I killed several pigeons and a good sized groundhog with my Gamo 22 Big Cat this summer


----------



## mr100fps (Nov 1, 2011)

never mssed around with the cci's cb longs....gave my old collection to my son-760 pump master .177 ,american classic pump pistol .177 ,sheridan 8 pump rifle .22,sheridean pump pistol .22 , daisy red ryder, all these guns were bought in the 1980's and still work great, i just bought him a ruger explorer for his birthday. he is only 8 yrs old and is doing good with the ruger, its a youth gun with a short stock and 600fps......he cant handle the other guns yet,except for the daisy. when he is 10 yrs i will give him the 410 and a 22 lr.
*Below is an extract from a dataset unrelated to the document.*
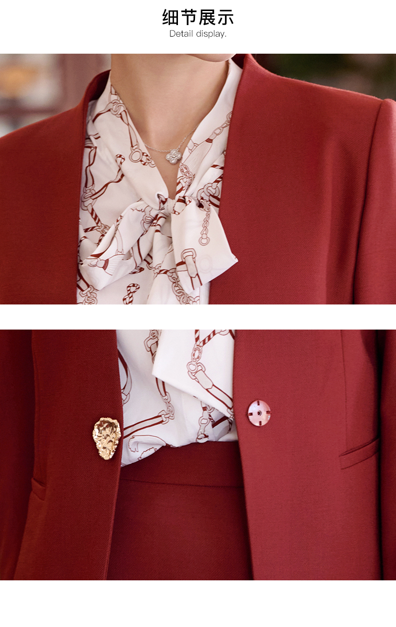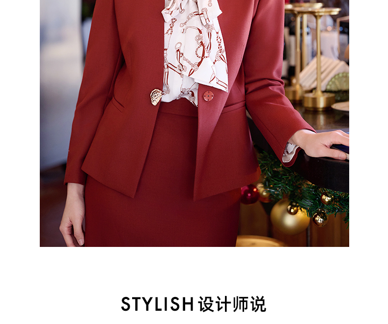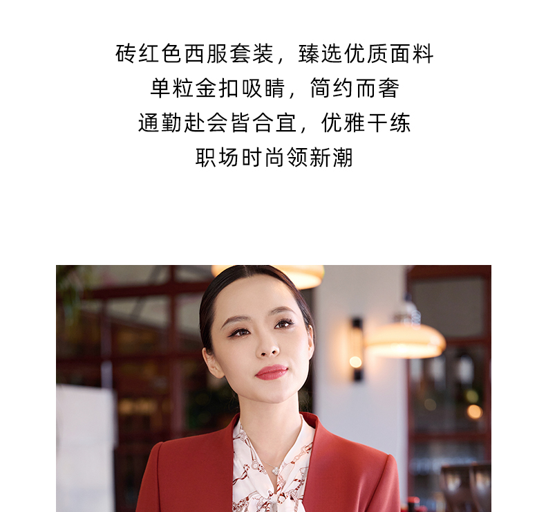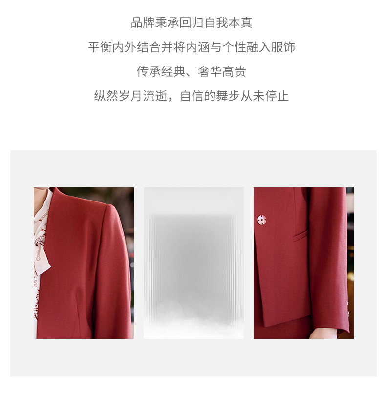 成熟、稳重、高贵典雅、大方得体 融合东方文化的含蓄和法国的浪漫 将创意的艺术性与消费需求相结合 为自信女性塑造高品质场合服装

as far as i go ...since i gave him all my guns this year so i can start a new collection of adult air rifles... i have a crosman phantom 1000x camo'd with a centerpoint ar 3-9x32 rd/gr illuminated mildot scope. its a real accurate gun with plenty of knock down power for small game . 1200FPS WITH PBA AMMO----1000 FPS WITH LEAD---ITS ALL ABOUT SHOT PLACEMENT !!!! heart/lung and head shots...your ammo is # 2...i use gamo red fire , my gun loves them. i can hit a quarter at 30 yards consistantly. there are sooooo many mixed reviews about air guns today...im 40 now and one of my first air guns was the crosman 760 pump master..i have killed rabbit,oppossum,crow,duck,squirrel..etc...i can go on and on about how many animals i droped with this gun in my younger years....i then saved enough allowance to buy the sheridan .22....great knock down power on them also....for me it was all about shooting the gun and practicing alot to get the feel of your gun..if it feels great in your hands and balances well in due time your accuracy will just fall rite into place...if not..well sell it and try something else...i was always a fan of crosman/benjamin/sheridan growing up and never had a problem with thier product.....now on the flip side, my neighbor had a daisy 880 pump that i couldnt shoot worth a crap..

so with all that being said..... i am saving for the benjamin trail np 1100 .22 that is a definate buy for me !!!!and then i would like to get the gamo socom extreme .22....or atleast one of the hard hitting .22 gamo guns that are around 1650 fps........peace out guys and shoot straight

ps. i will be headed out tomorrow morning to the wma in surrey county for some good squirrel hunting


----------